One of the stock answers which a new Member of Parliament learns is that they are representatives not delegates.

Certain MPs will go further and invoke solemnly the words of Edmund Burke in his famous speech to the electors of Bristol (1774):

Your representative owes you, not his industry only, but his judgment; and he betrays, instead of serving you, if he sacrifices it to your opinion.

There is sense in this approach.

Electors can get rid of MPs at elections.  MPs can in the meantime vote as they wish.  There is thereby a pressure valve between the voters and the matters before a legislature.

If a MP goes against what his or her voters want then a new MP can be elected at the next election.

This valve is a feature of the UK’s “parliamentary democracy”.

And, in turn, “parliamentary democracy” is a principle of the (uncodified) British constitution.

Against this principle is now this relentless and alien doctrine of the referendum mandate.

The 2016 referendum on EU membership was not legally binding: MPs could have legislated for this but chose not to do so.  MPs instead chose for the Brexit referendum to have advisory power.

But it is now being treated by many MPs as having total power: things are being done in the name of the “mandate”.

Today in the House of Commons there were two votes on sensible amendments to the Article 50 notification bill.  These amendments had been inserted by the House of Lords.  But they were voted down by the majority for no good reason.

Perhaps there was a good reason which was not easy to detect.  Perhaps.

But it seems to me that many MPs who vote on Brexit are betraying – instead of serving – their constituents, when they sacrifice their judgment to their constituents.

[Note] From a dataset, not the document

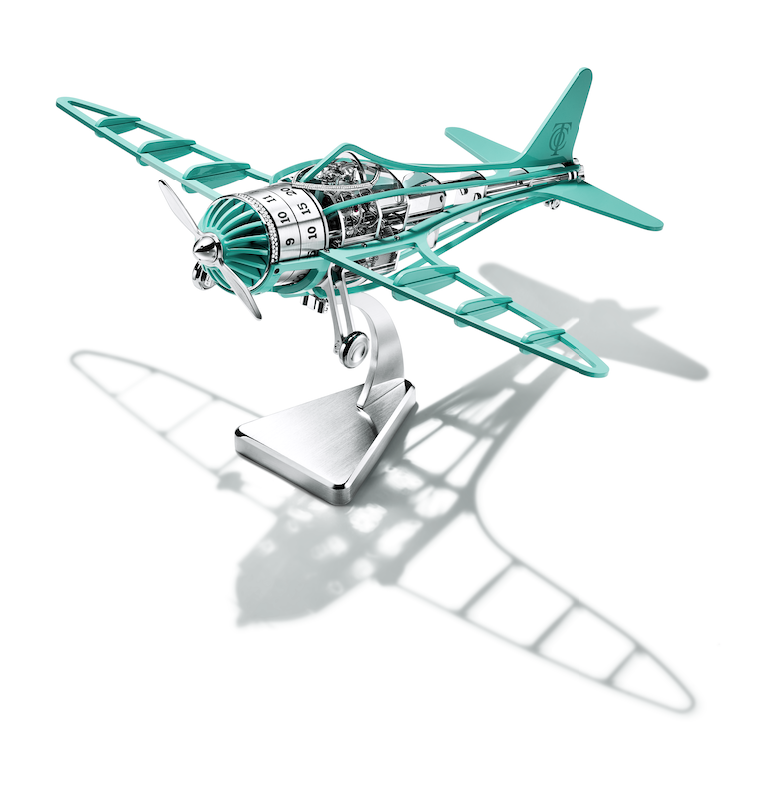 Adding to its Time Objects collection of table clocks that fuse form and function with whimsical ingenuity– which includes the Tiffany Taxi clock inspired by a 1950s New York City taxicab – Tiffany & Co. has unveiled a high-end evolution of its previous aviation-inspired clock. The Tiffany Airways Diamond Edition incorporates 511 round brilliant diamonds totaling 4.5 total carats and a manually wound mechanical movement that offers an eight-day power reserve. Hours and minutes are displayed on stainless steel disks at the plane’s nose, with the cockpit’s cage culminating in an arrow-shaped display that points to the current time.

Maybe this is a good thing.  Maybe “parliamentary democracy” is better circumvented than observed.

That is a matter of opinion.

But is also a matter of principle: either “parliamentary democracy” is taken seriously as a principle or it is not.

And when a MP next reaches in his or her mind for the stock Burkean response to being asked about why they are not voting as their constituents would prefer on a particular issue, they will find the words are empty.

On Brexit, many MPs are voting as – and behaving like – delegates not representatives.